Activity — Will you output all of the data below exactly, omitting the images?

Dataset content —

####

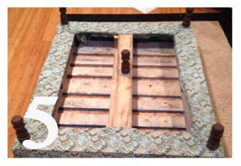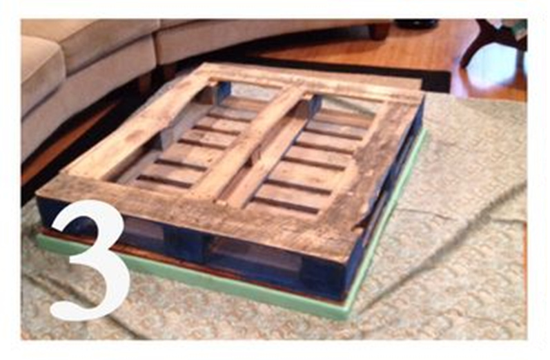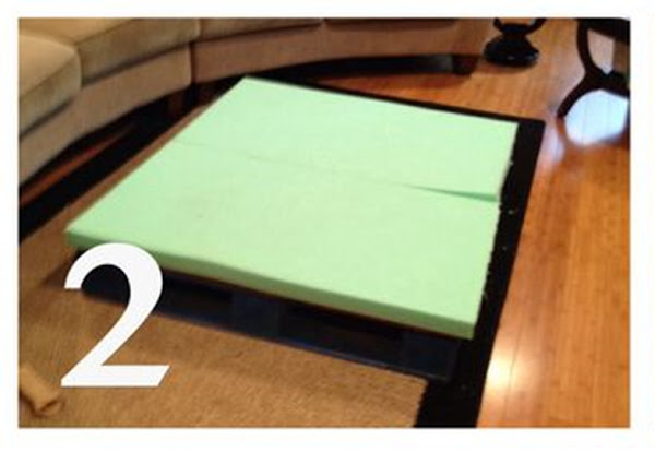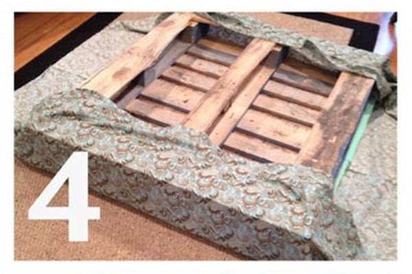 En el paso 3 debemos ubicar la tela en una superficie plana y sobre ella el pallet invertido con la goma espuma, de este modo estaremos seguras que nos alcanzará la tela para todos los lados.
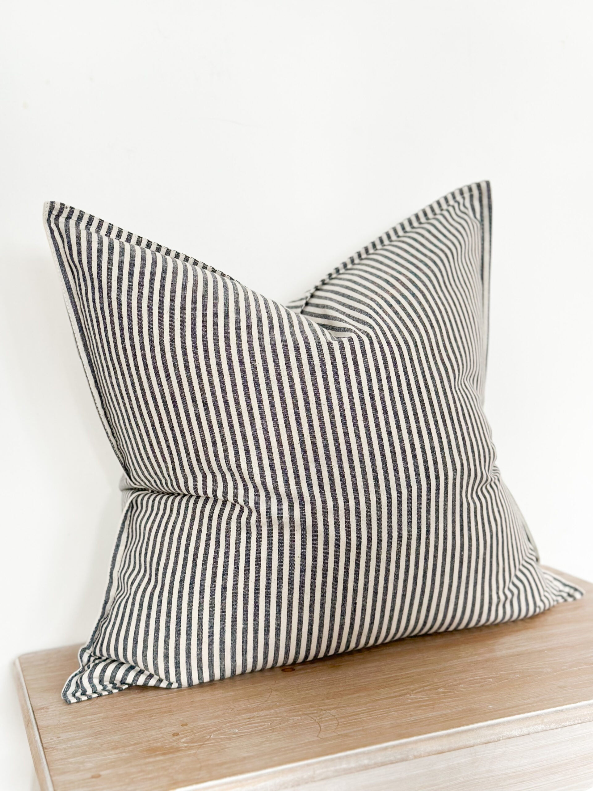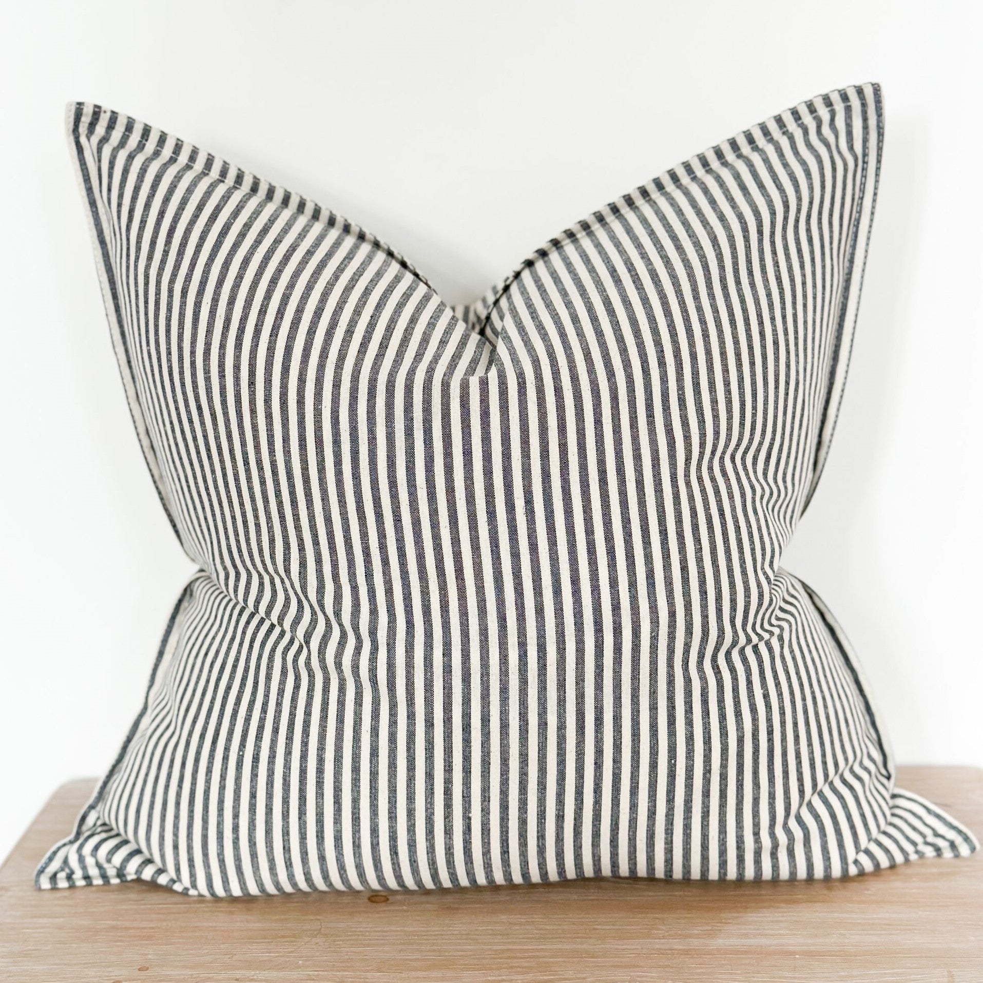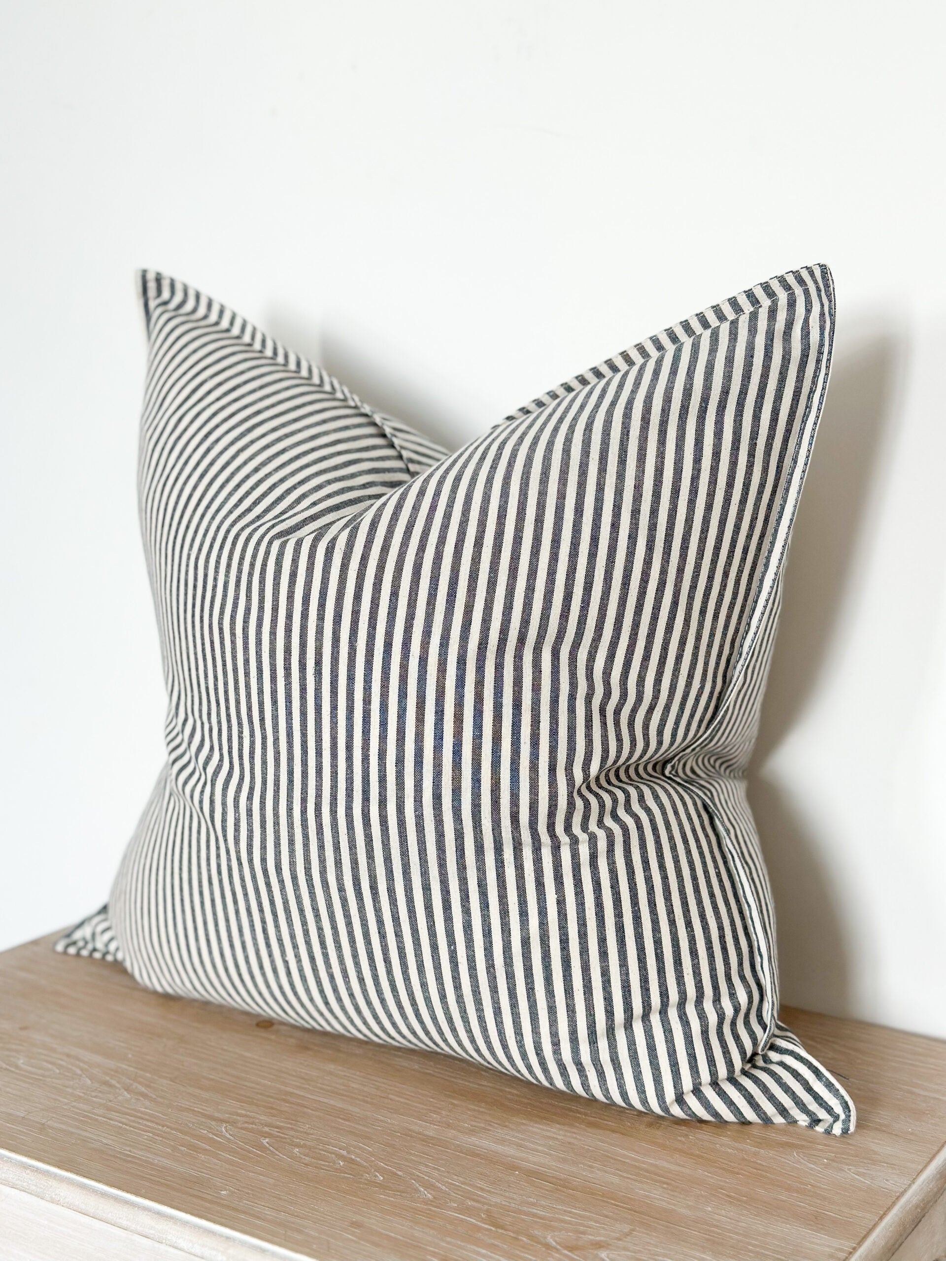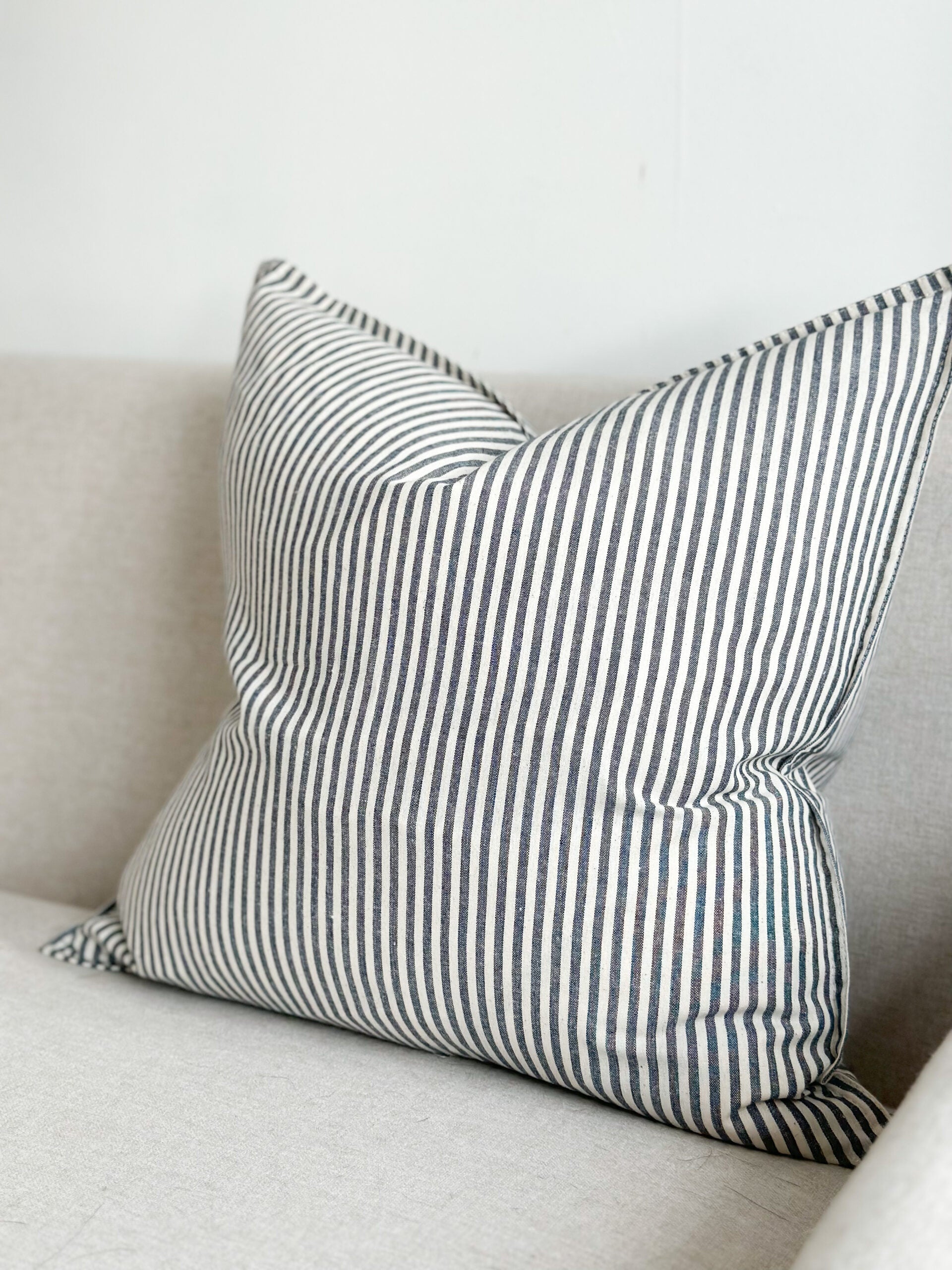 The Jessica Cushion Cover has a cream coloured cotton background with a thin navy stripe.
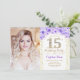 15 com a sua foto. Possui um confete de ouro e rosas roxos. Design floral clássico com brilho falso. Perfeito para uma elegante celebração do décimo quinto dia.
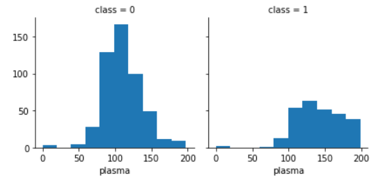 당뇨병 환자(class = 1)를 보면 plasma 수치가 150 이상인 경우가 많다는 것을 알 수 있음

####

Solution to this task —
 En el paso 3 debemos ubicar la tela en una superficie plana y sobre ella el pallet invertido con la goma espuma, de este modo estaremos seguras que nos alcanzará la tela para todos los lados.
 The Jessica Cushion Cover has a cream coloured cotton background with a thin navy stripe.
 15 com a sua foto. Possui um confete de ouro e rosas roxos. Design floral clássico com brilho falso. Perfeito para uma elegante celebração do décimo quinto dia.
 당뇨병 환자(class = 1)를 보면 plasma 수치가 150 이상인 경우가 많다는 것을 알 수 있음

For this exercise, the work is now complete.